(TASK INPUT)

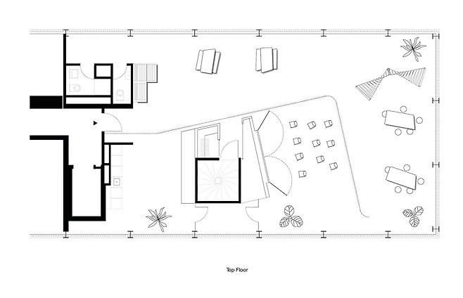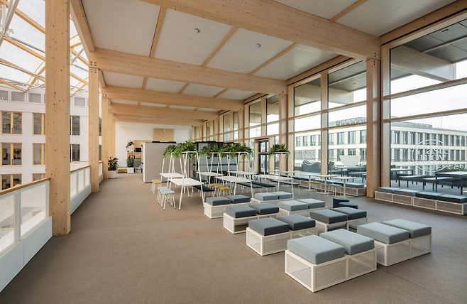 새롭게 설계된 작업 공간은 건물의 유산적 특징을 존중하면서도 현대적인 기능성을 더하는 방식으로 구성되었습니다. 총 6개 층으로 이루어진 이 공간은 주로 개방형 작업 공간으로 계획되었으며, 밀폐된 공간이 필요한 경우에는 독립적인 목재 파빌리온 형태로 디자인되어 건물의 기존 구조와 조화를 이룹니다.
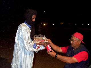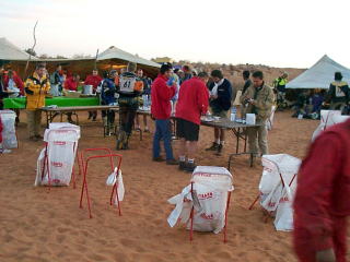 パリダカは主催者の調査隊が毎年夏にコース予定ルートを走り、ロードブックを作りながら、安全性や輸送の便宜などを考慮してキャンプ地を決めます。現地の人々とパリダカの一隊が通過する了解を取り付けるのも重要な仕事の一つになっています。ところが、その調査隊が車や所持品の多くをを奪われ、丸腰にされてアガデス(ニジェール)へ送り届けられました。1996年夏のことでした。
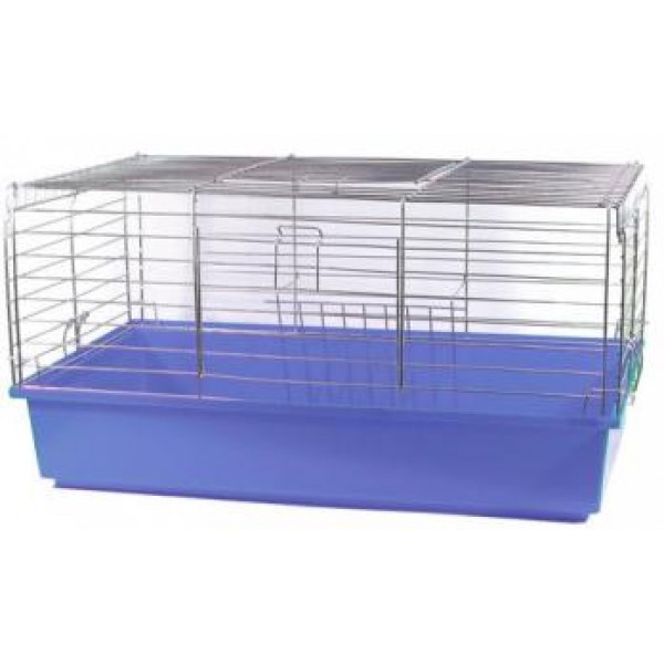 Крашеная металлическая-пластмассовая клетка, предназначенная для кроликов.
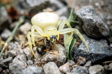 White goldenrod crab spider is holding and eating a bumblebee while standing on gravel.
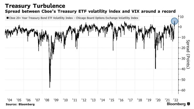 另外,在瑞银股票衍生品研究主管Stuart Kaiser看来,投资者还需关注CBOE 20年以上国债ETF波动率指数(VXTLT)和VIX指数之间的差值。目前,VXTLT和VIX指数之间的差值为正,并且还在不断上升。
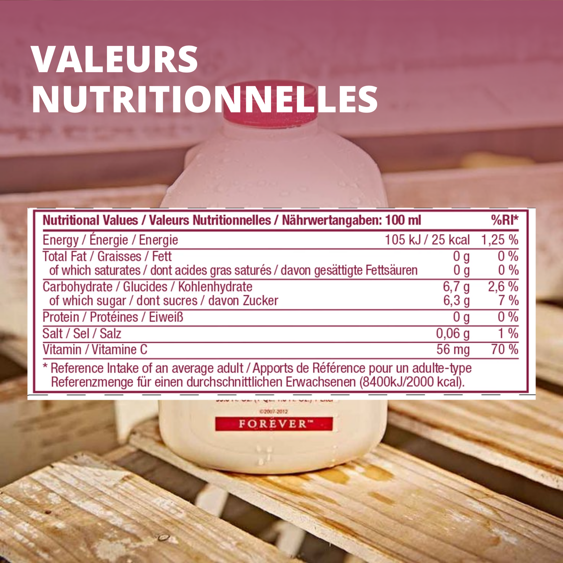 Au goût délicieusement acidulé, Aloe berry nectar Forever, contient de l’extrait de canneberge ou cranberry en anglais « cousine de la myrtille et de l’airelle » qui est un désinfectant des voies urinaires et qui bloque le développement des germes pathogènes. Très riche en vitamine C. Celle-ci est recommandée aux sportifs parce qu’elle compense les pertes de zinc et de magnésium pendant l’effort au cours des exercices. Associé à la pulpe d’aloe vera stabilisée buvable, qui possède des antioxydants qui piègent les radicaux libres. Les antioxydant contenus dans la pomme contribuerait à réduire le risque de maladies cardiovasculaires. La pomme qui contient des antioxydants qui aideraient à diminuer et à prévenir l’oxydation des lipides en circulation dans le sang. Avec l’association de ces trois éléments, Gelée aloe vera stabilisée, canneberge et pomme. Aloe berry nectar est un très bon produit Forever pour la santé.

(End TASK INPUT)
(TASK INPUT)

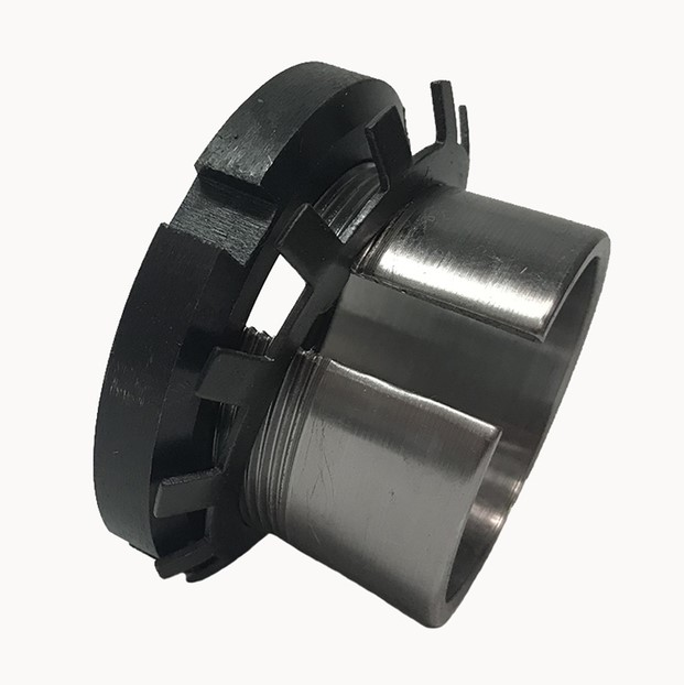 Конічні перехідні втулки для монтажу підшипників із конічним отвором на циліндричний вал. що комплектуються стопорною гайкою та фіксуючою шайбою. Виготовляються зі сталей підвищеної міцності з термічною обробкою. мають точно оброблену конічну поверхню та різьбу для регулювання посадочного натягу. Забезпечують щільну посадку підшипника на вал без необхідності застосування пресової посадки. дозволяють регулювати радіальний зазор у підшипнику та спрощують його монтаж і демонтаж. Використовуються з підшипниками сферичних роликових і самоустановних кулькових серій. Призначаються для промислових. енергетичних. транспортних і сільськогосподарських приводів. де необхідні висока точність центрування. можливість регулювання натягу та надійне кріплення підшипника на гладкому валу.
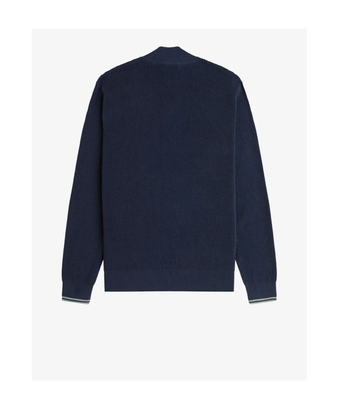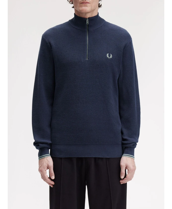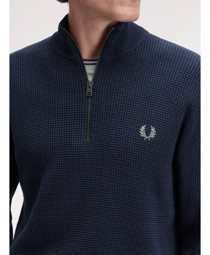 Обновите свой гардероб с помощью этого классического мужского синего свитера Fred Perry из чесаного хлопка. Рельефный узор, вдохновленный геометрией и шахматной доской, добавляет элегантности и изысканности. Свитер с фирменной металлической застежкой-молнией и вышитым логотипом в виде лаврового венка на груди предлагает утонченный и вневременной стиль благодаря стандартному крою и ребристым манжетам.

(End TASK INPUT)
(TASK INPUT)

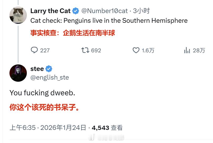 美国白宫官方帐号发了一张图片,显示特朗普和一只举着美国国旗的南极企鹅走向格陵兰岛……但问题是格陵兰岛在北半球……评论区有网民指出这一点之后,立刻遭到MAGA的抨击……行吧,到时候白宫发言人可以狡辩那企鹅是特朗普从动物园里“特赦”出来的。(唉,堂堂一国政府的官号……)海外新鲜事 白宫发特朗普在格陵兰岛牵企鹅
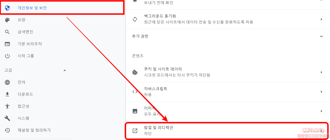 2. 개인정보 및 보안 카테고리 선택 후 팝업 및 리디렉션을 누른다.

(End TASK INPUT)

> [REQUIRED ACTION] Repeat only the stretch of data above that runs from the line with "パリダカは主催者の調査隊が毎" to the line with "Au goût délicieusement". Keep both end lines; exclude pictures.

> [ANSWER TO THE PROBLEM]
 パリダカは主催者の調査隊が毎年夏にコース予定ルートを走り、ロードブックを作りながら、安全性や輸送の便宜などを考慮してキャンプ地を決めます。現地の人々とパリダカの一隊が通過する了解を取り付けるのも重要な仕事の一つになっています。ところが、その調査隊が車や所持品の多くをを奪われ、丸腰にされてアガデス(ニジェール)へ送り届けられました。1996年夏のことでした。
 Крашеная металлическая-пластмассовая клетка, предназначенная для кроликов.
 White goldenrod crab spider is holding and eating a bumblebee while standing on gravel.
 另外,在瑞银股票衍生品研究主管Stuart Kaiser看来,投资者还需关注CBOE 20年以上国债ETF波动率指数(VXTLT)和VIX指数之间的差值。目前,VXTLT和VIX指数之间的差值为正,并且还在不断上升。
 Au goût délicieusement acidulé, Aloe berry nectar Forever, contient de l’extrait de canneberge ou cranberry en anglais « cousine de la myrtille et de l’airelle » qui est un désinfectant des voies urinaires et qui bloque le développement des germes pathogènes. Très riche en vitamine C. Celle-ci est recommandée aux sportifs parce qu’elle compense les pertes de zinc et de magnésium pendant l’effort au cours des exercices. Associé à la pulpe d’aloe vera stabilisée buvable, qui possède des antioxydants qui piègent les radicaux libres. Les antioxydant contenus dans la pomme contribuerait à réduire le risque de maladies cardiovasculaires. La pomme qui contient des antioxydants qui aideraient à diminuer et à prévenir l’oxydation des lipides en circulation dans le sang. Avec l’association de ces trois éléments, Gelée aloe vera stabilisée, canneberge et pomme. Aloe berry nectar est un très bon produit Forever pour la santé.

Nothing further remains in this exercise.